2.2 BlockGenerator的重剑无锋

  • 兄弟1:blockIntervalTimer
  • 兄弟2:blockPushingThread

BlockGenerator的仗剑走天涯,诗酒趁年华。两大线程解决block存储和管理问题:

private val blockIntervalMs = conf.getTimeAsMs("spark.streaming.blockInterval", "200ms")

一大线程:
private val blockIntervalTimer =
new RecurringTimer(clock, blockIntervalMs, updateCurrentBuffer, "BlockGenerator")

二大线程:
private val blockPushingThread = new Thread() { override def run() { keepPushingBlocks() } }
  • 俩兄弟上吧

      def start(): Unit = synchronized {
         if (state == Initialized) {
           state = Active
    
           blockIntervalTimer.start()            <= 神来之笔
           blockPushingThread.start()            <= 神来之笔
           
           logInfo("Started BlockGenerator")
         } else {
           throw new SparkException(
             s"Cannot start BlockGenerator as its not in the Initialized state [state = $state]")
         }
       }    
    

2.3 BlockGenerator的厚积薄发

  • 积水缓冲缸(存储离散的数据流)(currentBuffer)

    @volatile private var currentBuffer = new ArrayBuffer[Any]

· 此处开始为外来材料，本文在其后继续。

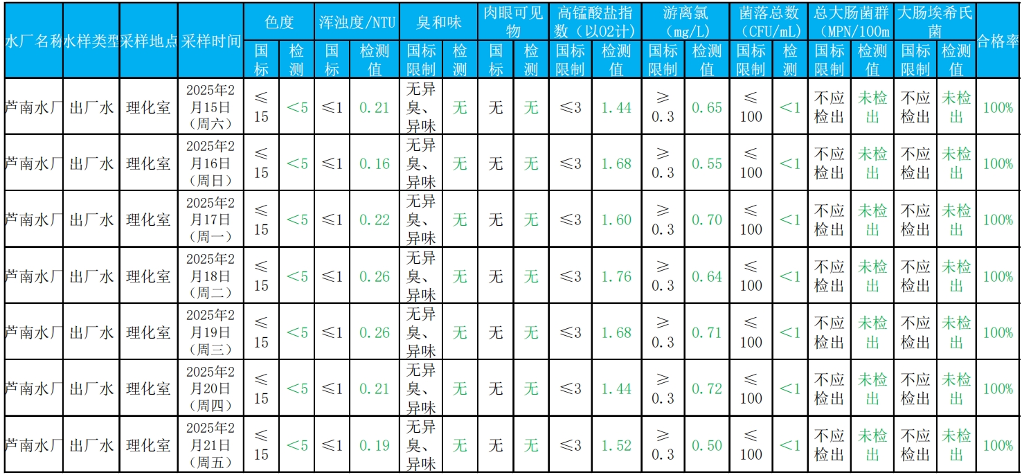 2025年2月15日——2025年2月21日出厂水水质检测结果

  • 桶装水(积水缓冲缸的水聚集成桶)(blocksForPushing)

      private val blocksForPushing = new ArrayBlockingQueue[Block](blockQueueSize)
    
  • 积水缓冲缸通过InputDStream蓄水

    * Push a single data item into the buffer.
    def addData(data: Any): Unit = {
      if (state == Active) {
        waitToPush()
        synchronized {
          if (state == Active) {
            currentBuffer += data
          } else {
            throw new SparkException(
              "Cannot add data as BlockGenerator has not been started or has been stopped")
          }
        }
      } else {
        throw new SparkException(
          "Cannot add data as BlockGenerator has not been started or has been stopped")
      }
    }
    
  • blockIntervalTimer把积水缓冲缸转换为桶装水,管理起来

       /** Change the buffer to which single records are added to. */
        private def updateCurrentBuffer(time: Long): Unit = {
          try {
            var newBlock: Block = null
            synchronized {
              if (currentBuffer.nonEmpty) {
                val newBlockBuffer = currentBuffer
                currentBuffer = new ArrayBuffer[Any]
                
                val blockId = StreamBlockId(receiverId, time - blockIntervalMs) <= 神来之笔
                
                listener.onGenerateBlock(blockId)
                
                newBlock = new Block(blockId, newBlockBuffer)         <= 神来之笔   
                
              }
            }
      
            if (newBlock != null) {
            
              blocksForPushing.put(newBlock)  // put is blocking when queue is full    <= 神来之笔
            }
          } catch {
            case ie: InterruptedException =>
              logInfo("Block updating timer thread was interrupted")
            case e: Exception =>
              reportError("Error in block updating thread", e)
          }
        }
    
  • keepPushingBlocks 看我搅动风云

2.3 BlockGenerator内部keepPushingBlocks的搅动风云

  • blockPushingThread线程调用defaultBlockGeneratorListener,通过blockManager.putBytes来存储Block,同时告诉Driver端ReceiverTracker的 AddBlock(blockInfo)信息添加成功。
  • ReceiverTracker通过上面的端点通信掌握了Block的存储元数据信息。
  • 根据是否开启预读写日志,出现WriteAheadLogBasedBlockHandler和BlockManagerBasedBlockHandler,参数可以通过conf.getBoolean(RECEIVER_WAL_ENABLE_CONF_KEY, false)来配置。
  • 一切的一切都是ReceiverSupervisorImpl来主导的,因为ReceiverSupervisorImpl内部成员包含了registeredBlockGenerators,defaultBlockGeneratorListener,trackerEndpoint等等所有给力干将。所以从receiver启动到block生成,到block的管理,再到上报给ReceiverTracker,真正实现了覆盖一切的角色

3 总结

我们发现看了一场ReceiverSupervisorImpl的世纪大戏,自导自演解决了端到端的问题。

秦凯新 于深圳 2018